Alexander Graf July 3, 2014, 8:04 a.m. UTC | #16
> Am 03.07.2014 um 00:02 schrieb "Gabriel L. Somlo" <gsomlo@gmail.com>:
> 
>> On Wed, Jul 02, 2014 at 05:14:26PM -0400, Gabriel L. Somlo wrote:
>>> On Wed, Jul 02, 2014 at 11:02:30PM +0200, Alexander Graf wrote:
>>> 
>>>> On 02.07.14 22:49, Gabriel L. Somlo wrote:
>>>> So it turns out everything I thought I knew (which was little indeed)
>>>> was more or less wrong. The problem, as far as I'm observing it now,
>>>> is that on PIIX, the OS X guest obsessively reads the ICR in a tight
>>>> loop.
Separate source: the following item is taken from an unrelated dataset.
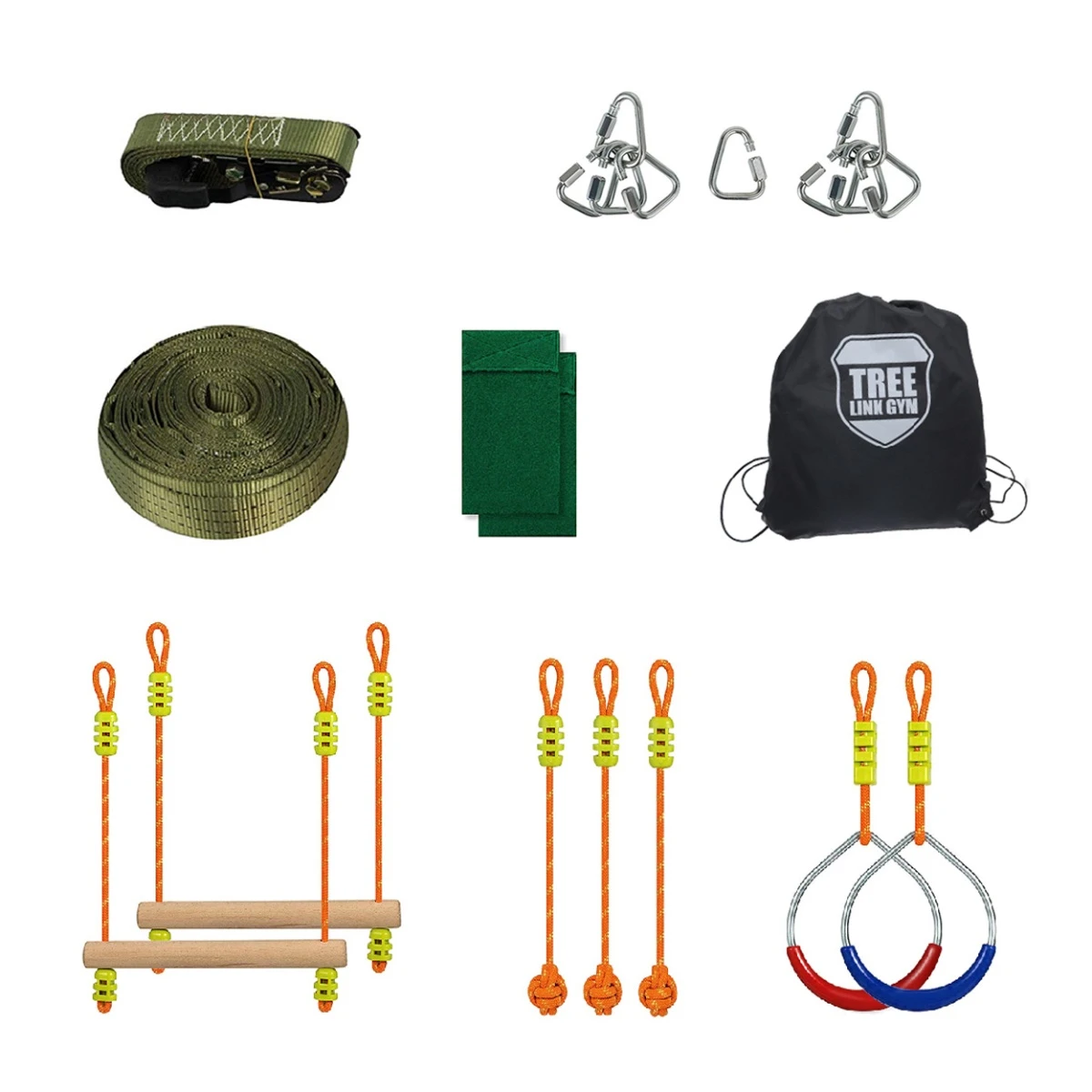 Súčasťou balenia sú: taška, pás s 9 úchytmi a 9 karabínami na uchytenie prekážok, 1 upínací pás s račňou, 2 chrániče stromov, 2 prekážkové hrazdičky, 2 prekážkové kruhy a 3 prekážkové lanové úchyty

It reads the injected LSC (and probably discards it) before
>>>> unmasking the corresponding interrupt bit; later on, when it unmasks
>>>> LSC, giving the emulated e1000 hardware a chance to raise the irq
>>>> line, the actual LSC event has been flushed from the ICR, and the
>>>> driver does not detect the link coming up.
>>>> 
>>>> [...]
>>>> 
>>>> Any clue as to why ICR gets read like that on PIIX, but not Q35 ?
>>> 
>>> Either way, why does the bit get cleared even though it hasn't been raised?
>>> What does real hardware do with interrupts that have been masked?
>> 
>> The e1000 manual says ICR bits are cleared on read. It also says PCI
>> interrupts are only generated if the corresponding bit in *both* ICR
>> and IMS registers is 1. ICR bits are still cleared if read, even if
>> masked and no actual interrupt is raised.
>> 
>>> Maybe it's using MSI on q35? :)
>>> Maybe we also share the same IRQ line with another device on PIIX that gets
>>> polled all the time? IDE maybe?
>> 
>> Even if that were the case, how come it's reading precisely our
>> device's ICR register ? Isn't that too much of a coincidence ?
> 
> Unless some other device on a shared IRQ line generated the interrupt,
> and our e1000 driver then checked ICR. Although if that happened, our
> driver should happily acknowledge the link-up event (I checked, and it
> does NOT read IMS, so it has no way of knowing it's masked). Except it
> does -- it knows the last thing it did was set_imc(0xFFFFFFFF), and
> that it hasn't yet set_ims(anything) yet... 
> 
> And I think you're right:
> 
> (qemu) info pci
>  Bus  0, device   0, function 0:
>    Host bridge: PCI device 8086:1237
>      id ""
>  Bus  0, device   1, function 0:
>    ISA bridge: PCI device 8086:7000
>      id ""
>  Bus  0, device   1, function 1:
>    IDE controller: PCI device 8086:7010
>      BAR4: I/O at 0xc080 [0xc08f].
>      id ""
>  Bus  0, device   1, function 2:
>    USB controller: PCI device 8086:7020
>      IRQ 11.
>      BAR4: I/O at 0xc040 [0xc05f].
>      id ""
>  Bus  0, device   1, function 3:
>    Bridge: PCI device 8086:7113
>      IRQ 9.
>      id ""
>  Bus  0, device   2, function 0:
>    VGA controller: PCI device 1013:00b8
>      BAR0: 32 bit prefetchable memory at 0xfc000000 [0xfdffffff].
>      BAR1: 32 bit memory at 0xfebf0000 [0xfebf0fff].
>      BAR6: 32 bit memory at 0xffffffffffffffff [0x0000fffe].
>      id ""
>  Bus  0, device   3, function 0:
>    SATA controller: PCI device 8086:2922
>      IRQ 11.
>      BAR4: I/O at 0xc060 [0xc07f].
>      BAR5: 32 bit memory at 0xfebf1000 [0xfebf1fff].
>      id "ide"
>  Bus  0, device   4, function 0:
>    Ethernet controller: PCI device 8086:100f
>      IRQ 11.
>      BAR0: 32 bit memory at 0xfebc0000 [0xfebdffff].
>      BAR1: I/O at 0xffffffffffffffff [0x003e].
>      BAR6: 32 bit memory at 0xffffffffffffffff [0x0003fffe].
>      id "vnet0"
> 
> so Ethernet, SATA, and USB, all sharing IRQ 11. Is there an easy way
> to force one of those to use a different IRQ ?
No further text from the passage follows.